Anu, too, was among the rescuers. For four hours from 7.30 pm, she was busy wiping the face of the injured with the wet clothes she had carried from home.

She recalls that local women offered water to the shaken passengers who had escaped with minor injuries. Some even brought sarees from their houses for women passengers whose clothes had gotten torn.

While Anu was at the station, her 10th Class daughter and NCC cadet Snehalata attended several of the injured brought to the Bahanaga Government High School next to the national highway where she studies.

“We 16 cadets — eight boys and eight girls — did whatever job was assigned to us,” recounts Snehalata. Her aim is to pursue ITI and become a loco pilot. “The job offers sheer excitement and also an assured future,” she explains.

At home, Snehalata’s grandfather Purna Chandra, 74, still can’t imagine that the station which has been a part of his life for over 62 years when he sold tea as a teenager would ever witness such terrible misery.

Purna Chandra, Odisha train accident
Purna Chandra

“It’s difficult to believe,” intones Das as the goods train whistles. “The repair works will go on for a few more days.”

Emotions die hard

For the moment, his neighbours are bothered about the stench emanating from the accident spot where a few damaged coaches lie here and there.

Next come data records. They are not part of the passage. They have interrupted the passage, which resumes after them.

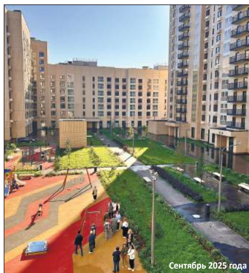
Сентябрь 2025 года
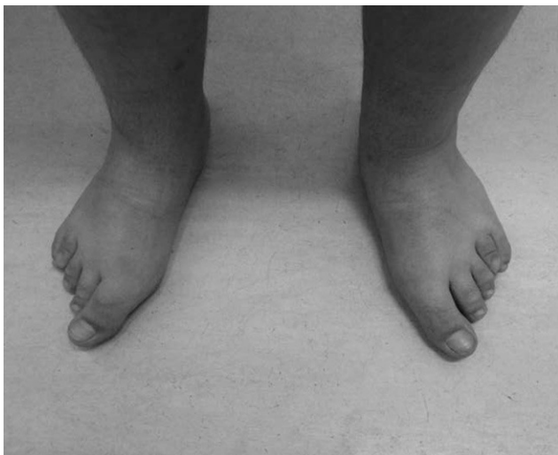
Figura 2 Deformidades de los dedos de los pies por acortamiento de los metatarsianos.

de osteodistrofia hereditaria de Albright: cara de luna llena (fig. 1), miembros cortos, genu valgo, deformidades de los dedos de las manos y de los pies (fig. 2) y persistencia de la obesidad. Fue realizada Rx de las manos y de los pies, que mostró braquidactilia de los 4 dedos de las manos y de los pies y adelanto de la edad ósea (edad ósea de 13 años y edad cronológica de 9 años y 2 meses) (fig. 3). La Rx de cráneo no mostró calcificaciones anormales. Analíticamente se detectó hipocalcemia (2,18 mmol/l), hiperfosfatemia (1,57 mmol/l) y aumento de la PTH (181 pg/ml). La determinación de 25-hidroxicolecalciferol fue normal (31,2 mg/ml). Fue diagnosticado PHP-Ia y comenzó tratamiento con calcitriol. Presenta estadio pubertario grado IV de Turner por lo que es posible excluir resistencia periférica a las gonadotropinas. A los 12 años fue objetivado
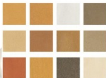
12 TEINTES DE BASE
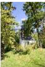
Lin.I, St.-Anna-Kapelle, DI009124, BSV-
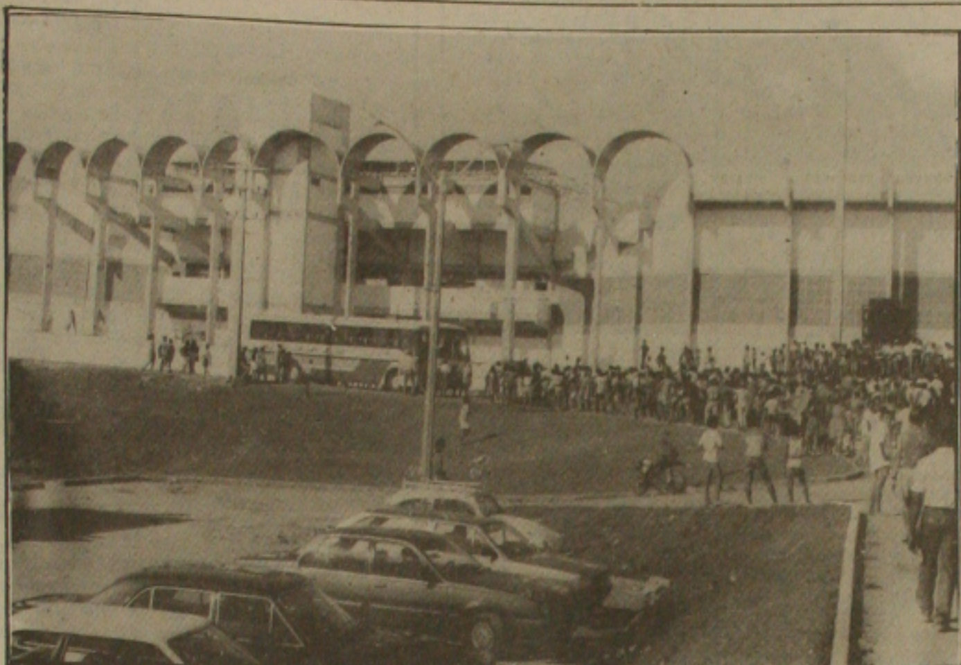
A Construtora Góes-Cohabita ameaça não reabrir o estádio Antônio Carlos Valadares, para o jogo entre Maruimense e Sergipe.

Empatando jogando domingo pela manhã no Estádio Adolfo Rollemberg, o Santos Torneio dos Campeões, o Santos
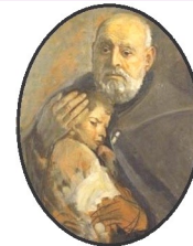
św. br. Albert Chmielowski patron naszej misji
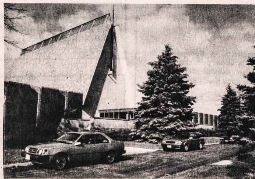
Bažnyčia lietuvių centre Lemonte, IL. Bažnyčioje jau vyksta pamaldos.

nė. Į kultūros apimtį įeina žodinė kūryba, menas, muziką. Bus ruošiami teatro festivaliai, dainų šventės, poezijos pavasariai ne tik Chicagoje. Ateities dainų šventė turėtų įvykti 1990 m.
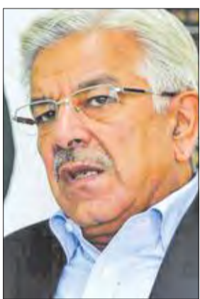
وزير خارجية باكستان
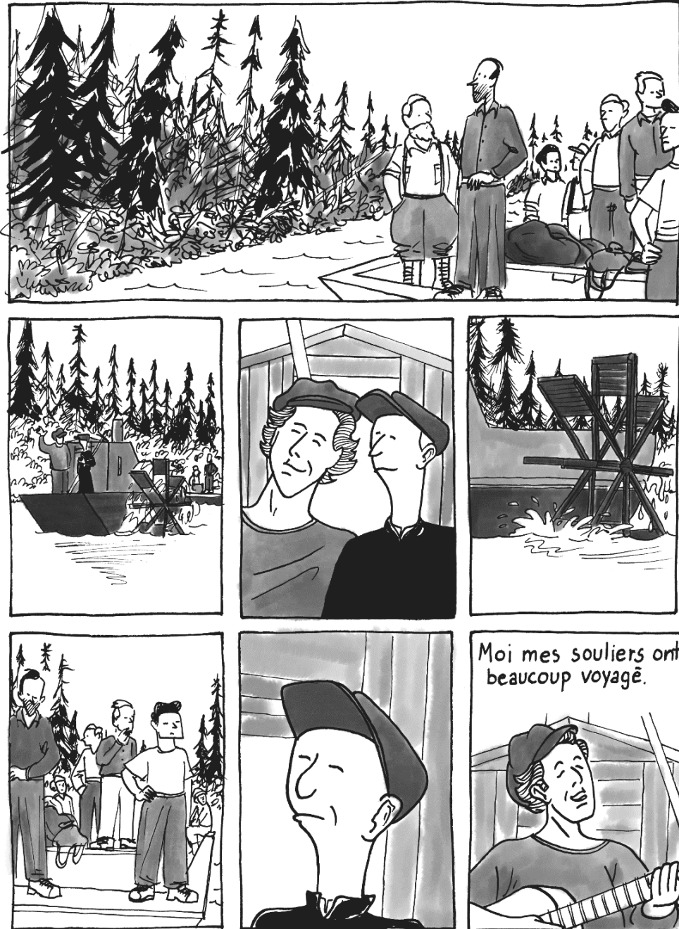
Image tirée de La petite Russie (Desharnais, 2018), référant au film Les Brûlés (Devlin, 1959)

Selon moi, la référence la plus évidente au cinéma dans mes bandes dessinées se situe dans La petite Russie (2018). Aux pages 99 et 100, j'ai repris presque plan par plan une scène du film Les brûlés (Bernard Devlin, 1959) qui a été tournée en Abitibi, là où se déroule l'histoire de La petite Russie .

In the daytime, the sweltering heat accompanying the unbearable humidity keeps them confined to their homes. The problem, however, starts when there is power outage in the evening and they come out.

Also read: Odisha train tragedy: Why was Coromandel Express’ Point 17-A set for the loop line?

“Instead of the soothing occasional breeze, the foul smell forces us inside,” complains a woman.

The villagers think there could possibly be some more decomposed bodies at the accident site. They have no option but to put up with the aftershocks of the horrific tragedy — at least for some more days.

As Sudhansu Panda of Bahanaga says: “Just because a train or two has begun running on the tracks doesn’t mean it has become normal. Normalcy may arrive soon but the emotional scars will live on. For us, life will never be the same again.”